PROVIDED RECORDS -
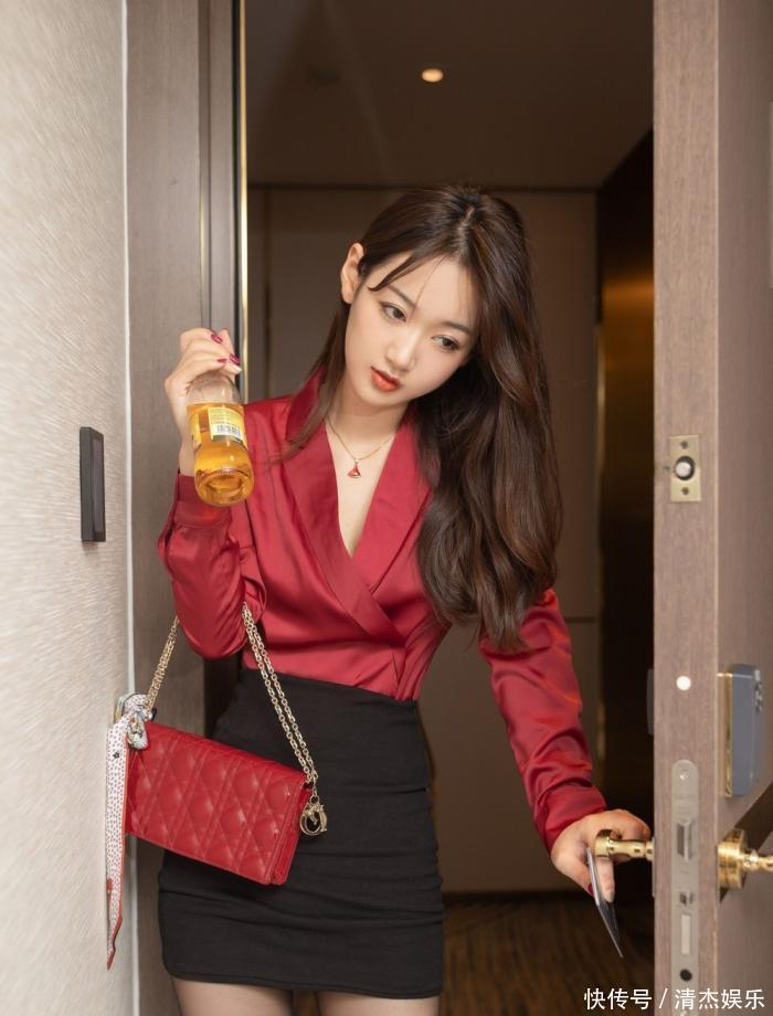 下装的黑包臀短裙更是 “精准发力”。你看那裙摆的宽度,刚好比胯窄一点点,走动时会随着腿的动作贴在大腿内侧,既不会走光,又把腿部的纤细感衬得更明显;短裙的长度卡在大腿中间,刚好露出最直的那段腿型,再配上黑丝的朦胧感,连膝盖的弧度都显得软乎乎的。最绝的是那双酒红色高跟鞋,鞋尖的尖头设计顺着腿型往前延伸,鞋跟的高度刚好让臀部微微上翘,这一套组合拳下来,身段直接从 “好看” 变成 “让人移不开眼”。这整套 look 的妙处,全在 “动静之间的反差” 里。站着的时候,缎面衬衫是服帖的,把肩背腰腹的曲线裹得像一幅工笔画;动起来的时候,衬衫的布料会跟着动作轻轻晃,腰窝的起伏、臀部的弧度都跟着布料的褶皱 “透” 出来,连带着黑丝裹着的腿都显得更软了。你看她靠在门上的样子,一只手搭在门把上,衬衫顺着手臂的动作贴出腰侧的线条,短裙裹着的腿微微弯曲,连指尖捏着手机的弧度都透着劲儿,这哪是摆拍啊,明明是穿搭和身材的 “双向奔赴”。真不是谁都能把 “缎面 + 包臀裙” 穿明白 —— 软缎面会放大身材的缺点,包臀裙会暴露腿型的不足,但唐安琪偏能用这两样把身材衬得 “无死角”:用缎面的贴衬出曲线的柔,用短裙的挺衬出线条的利,再用同色系鞋子把整体串起来,既突出了女性的身材美,又没丢了高级感。这才是真穿搭高手,把 “性感” 穿成了 “让人忍不住欣赏” 得体面。
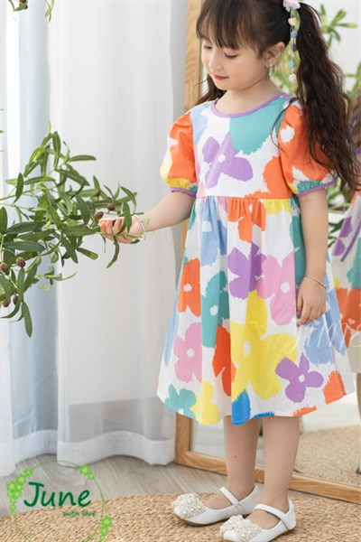 Đầm bé gái thiết kế hoa sắc màu viền tím phối dây nơ lưng
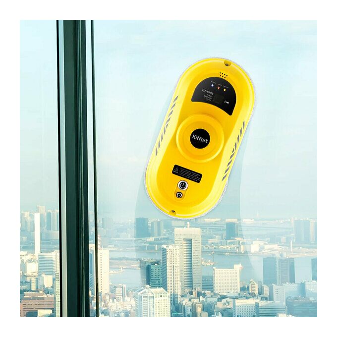 Робот Kitfort КТ-5186 предназначен для мытья стёкол изнутри и снаружи, кафельных и зеркальных покрытий в жилых домах и офисах. Робот оснащён вентилятором, благодаря которому создаётся разрежение, и он надёжно удерживается на вертикальной поверхности.
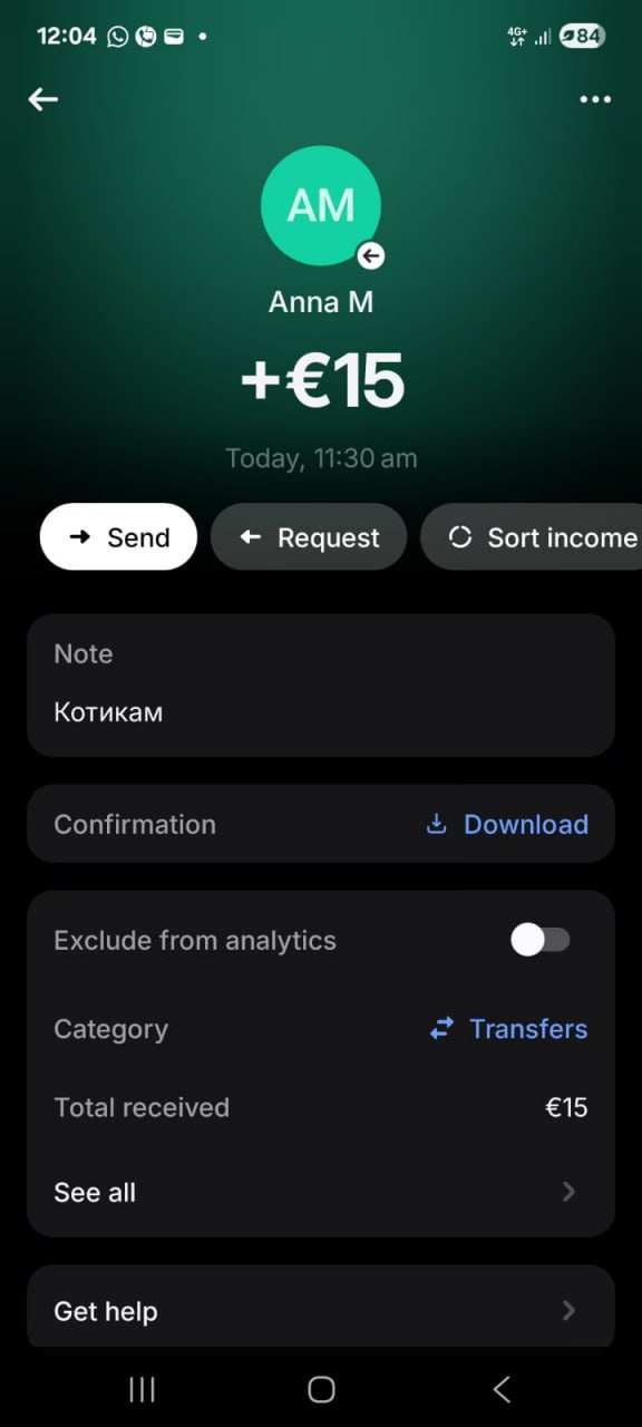 Получили 15+20+4,88 = 39.88 евро от Анны, Екатерины, Дениса! Ну что за котики, а? 🐈🐈🐈
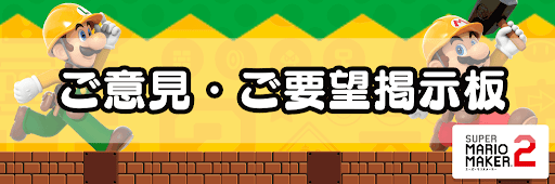 マリオメーカー2のご意見・ご要望掲示板です。マリオメーカー2攻略wikiに対してのご意見やご要望がある際に、ぜひご活用ください。

WORK TO BE COMPLETED -
Please output every entry exactly as written, apart from the pictures.

SOLVED EXERCISE -
 下装的黑包臀短裙更是 “精准发力”。你看那裙摆的宽度,刚好比胯窄一点点,走动时会随着腿的动作贴在大腿内侧,既不会走光,又把腿部的纤细感衬得更明显;短裙的长度卡在大腿中间,刚好露出最直的那段腿型,再配上黑丝的朦胧感,连膝盖的弧度都显得软乎乎的。最绝的是那双酒红色高跟鞋,鞋尖的尖头设计顺着腿型往前延伸,鞋跟的高度刚好让臀部微微上翘,这一套组合拳下来,身段直接从 “好看” 变成 “让人移不开眼”。这整套 look 的妙处,全在 “动静之间的反差” 里。站着的时候,缎面衬衫是服帖的,把肩背腰腹的曲线裹得像一幅工笔画;动起来的时候,衬衫的布料会跟着动作轻轻晃,腰窝的起伏、臀部的弧度都跟着布料的褶皱 “透” 出来,连带着黑丝裹着的腿都显得更软了。你看她靠在门上的样子,一只手搭在门把上,衬衫顺着手臂的动作贴出腰侧的线条,短裙裹着的腿微微弯曲,连指尖捏着手机的弧度都透着劲儿,这哪是摆拍啊,明明是穿搭和身材的 “双向奔赴”。真不是谁都能把 “缎面 + 包臀裙” 穿明白 —— 软缎面会放大身材的缺点,包臀裙会暴露腿型的不足,但唐安琪偏能用这两样把身材衬得 “无死角”:用缎面的贴衬出曲线的柔,用短裙的挺衬出线条的利,再用同色系鞋子把整体串起来,既突出了女性的身材美,又没丢了高级感。这才是真穿搭高手,把 “性感” 穿成了 “让人忍不住欣赏” 得体面。
 Đầm bé gái thiết kế hoa sắc màu viền tím phối dây nơ lưng
 Робот Kitfort КТ-5186 предназначен для мытья стёкол изнутри и снаружи, кафельных и зеркальных покрытий в жилых домах и офисах. Робот оснащён вентилятором, благодаря которому создаётся разрежение, и он надёжно удерживается на вертикальной поверхности.
 Получили 15+20+4,88 = 39.88 евро от Анны, Екатерины, Дениса! Ну что за котики, а? 🐈🐈🐈
 マリオメーカー2のご意見・ご要望掲示板です。マリオメーカー2攻略wikiに対してのご意見やご要望がある際に、ぜひご活用ください。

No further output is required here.